Thursday, October 19, 2017

Isn't It So Much More Than In High Heels and Backwards?

Queer women love to drag The L Word's Jenny Schecter, but I still maintain that she's a far better character than people give her credit for. She has her flaws, but her feminist sensibilities are certainly more progressive than those of most of the other characters on the show.

I always viewed the Season 2 plot of the heterosexual man secretly installing a camera in Shane and Jenny's house, so he could spy on the women and film them having sex, to be an implicit critique of the heterosexual, white male gaze that the show had to implicitly cater to in order to have ever been produced in the first place.

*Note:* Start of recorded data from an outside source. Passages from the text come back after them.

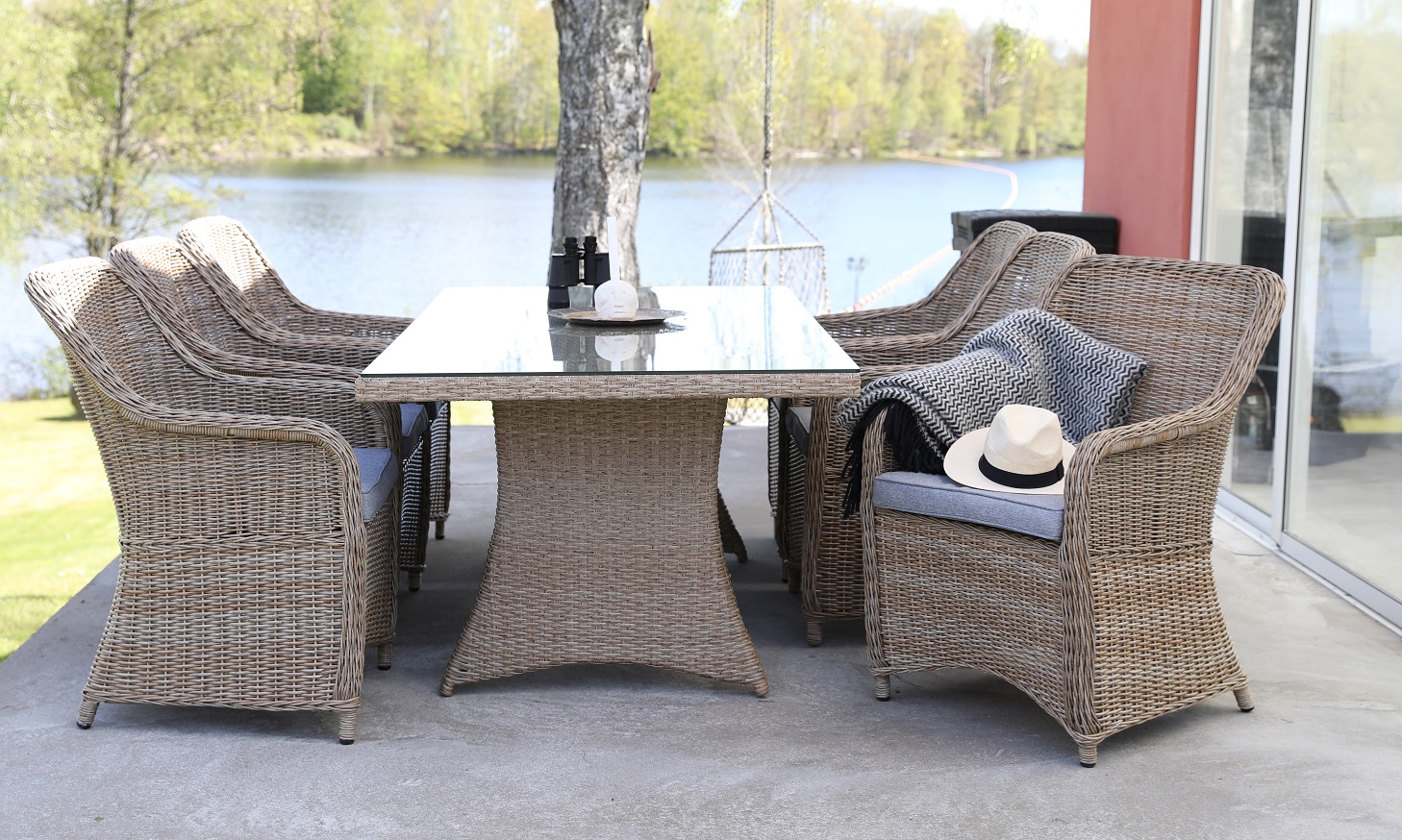 Matgrupp till uteplatsen / uterummet från Skånska Möbelhuset. Sienna matbord i naturfärgad rotting samt 6 st matchande Lotus fåtöljer. En matgrupp i harmoni där möblerna går snyggt ihop och skapar en helhet som är svåröverträffad.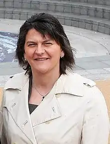 Arlene Isobel Foster, Baroness Foster of Aghadrumsee DBE, PC (née Kelly; born 17 July 1970),[2] is a British broadcaster and former politician from Northern Ireland who served as First Minister of Northern Ireland from 2016 to 2017 and from 2020 to 2021 and as Leader of the Democratic Unionist Party (DUP) from 2015 to 2021. She was the first woman to hold either position. Foster is a Member of the House of Lords, having previously been a Member of the Legislative Assembly (MLA) for Fermanagh and South Tyrone from 2003 to 2021.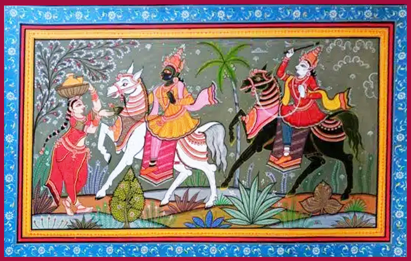 It so happened that when the soldiers, headed by the king Purusottam Dev, reached a place near the Chilika lake, a lady ,who was selling curd ( a milk preparation, sour in taste ) met him ( the king ) and presented a golden ring studded with precious gems and submitted . " Mahaprabhu, kindly listen to me. A little earlier, two soldiers riding over two horses ( white and black in colour ), approached me and said
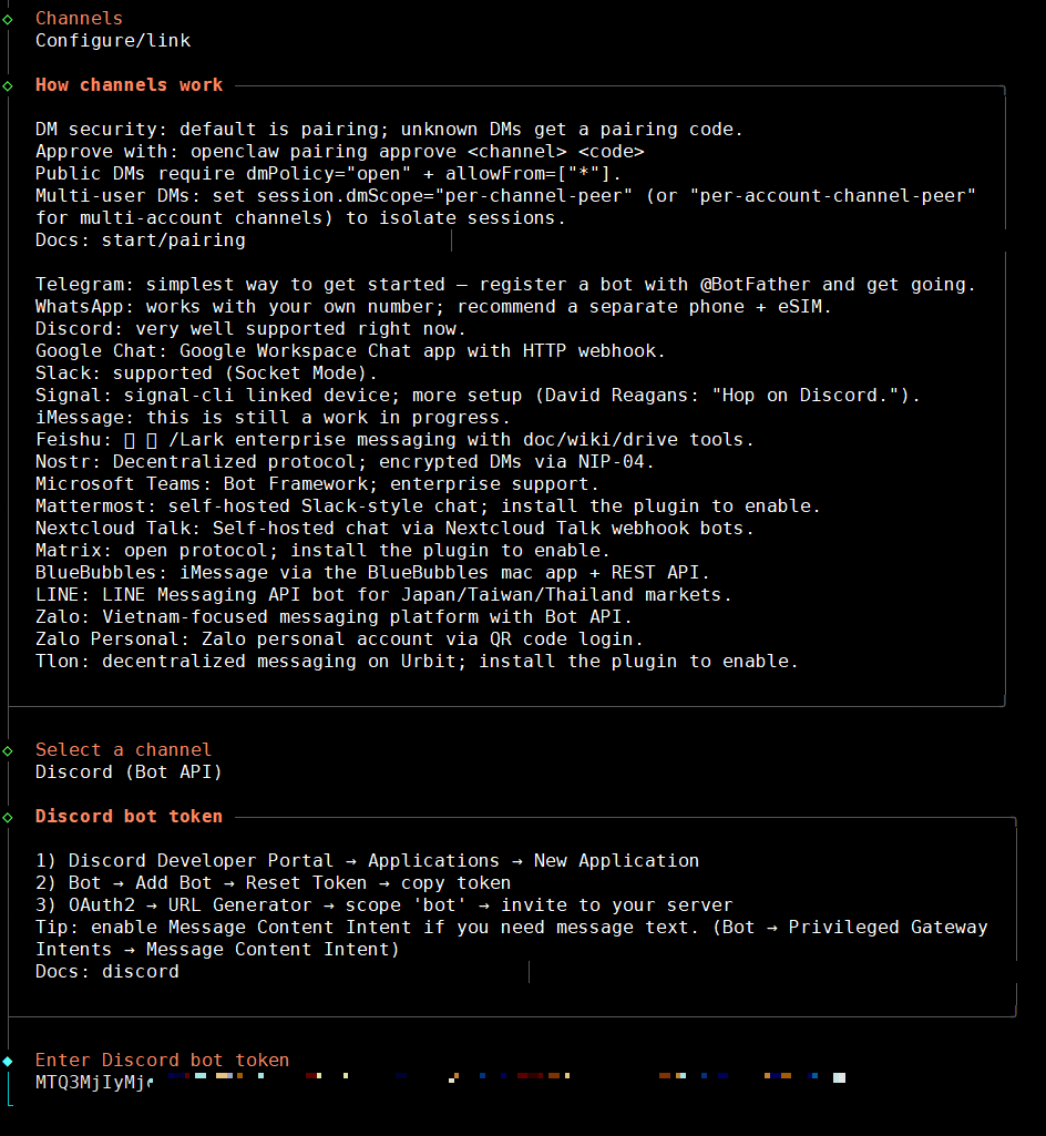이전 포스팅에서 OpenAI 연동하듯이 config 명령어를 이용해서 채널(메신저) 설정을 진행한다.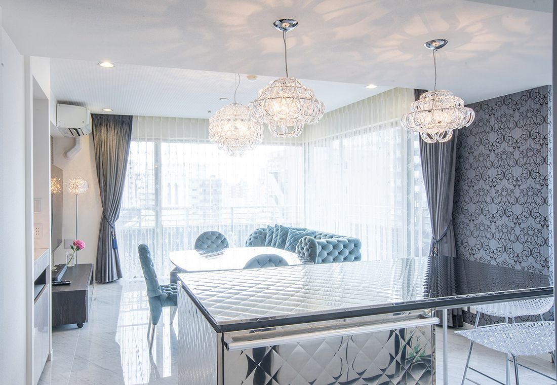 ステンレス鏡面脚のタイプなら、集(つどい)ソファやキッチンと脚元のデザインもリンクします。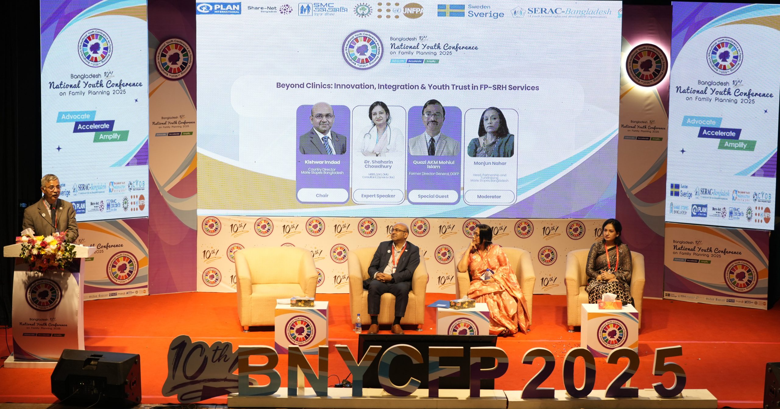 Innovation and trust were central to the third plenary, “Beyond Clinics: Innovation, Integration & Youth Trust in FP–SRH Services.” This session explored how family planning and SRHR services can move beyond traditional clinical settings to better reach adolescents and young people. Experts and youth advocates discussed rights-based, integrated, and youth-friendly approaches that build trust, improve quality of care, and ensure young people are active partners in health systems rather than passive service recipients. The honorable speaker emphasized the importance of involving young people in family planning, ensuring their rights to essential health services, and building trust through innovative and integrated FP–SRH approaches. Bringing together experts and youth advocates, the dialogue focused on identifying practical solutions to expand access and improve the quality of care for all.

Here is Jenny, confronting the predator, in an epic take-down:




Heterosexual men undoubtedly watched the show. Yet, did they fully understand it wasn't a documentary, or representative of the full breadth of queer women's culture? And thus, rather than them being voyeurs privy to "a lesbian world," did they get that this L Word-universe was at least partially created for them, too, in that the leading women were all primarily thin, femme, conventionally-attractive, and rarely outspokenly-feminist. Such women exist, to be sure, and I love them. But, these women are not fully representative of the spectrum of queer women who do exist, and who many queer women would have loved to have seen represented in a TV show about queer women.

The theme feels particularly meta these days, with woman after woman in Hollywood - including Mia Kirshner, who portrayed Jenny - revealing Harvey Weinstein to be a sexual predator.

Perhaps this is a statement of the obvious, but it's often hard to enjoy pop culture and be a feminist.

As I tweeted earlier this week, "It's almost like the fact that our national industry for storytelling being run by harassers and abettors has an impact on our culture." Themes of rape culture are weaved throughout our TV shows and movies. This too, is a statement of the obvious. But, I truly believe the representation of rape culture in TV/film is a reflection of the rape culture that has long been allowed to thrive within Hollywood -that "open secret" that Hollywood's most powerful people just let persist.

(Isn't West World, and its fantastical world built precisely for men to rape actor-robots, one of the biggest, most recent admissions of all? Remember: Show, don't tell!)

And now, more than ever, I'm left to wonder: what have the women I watch on screen had to endure to get there?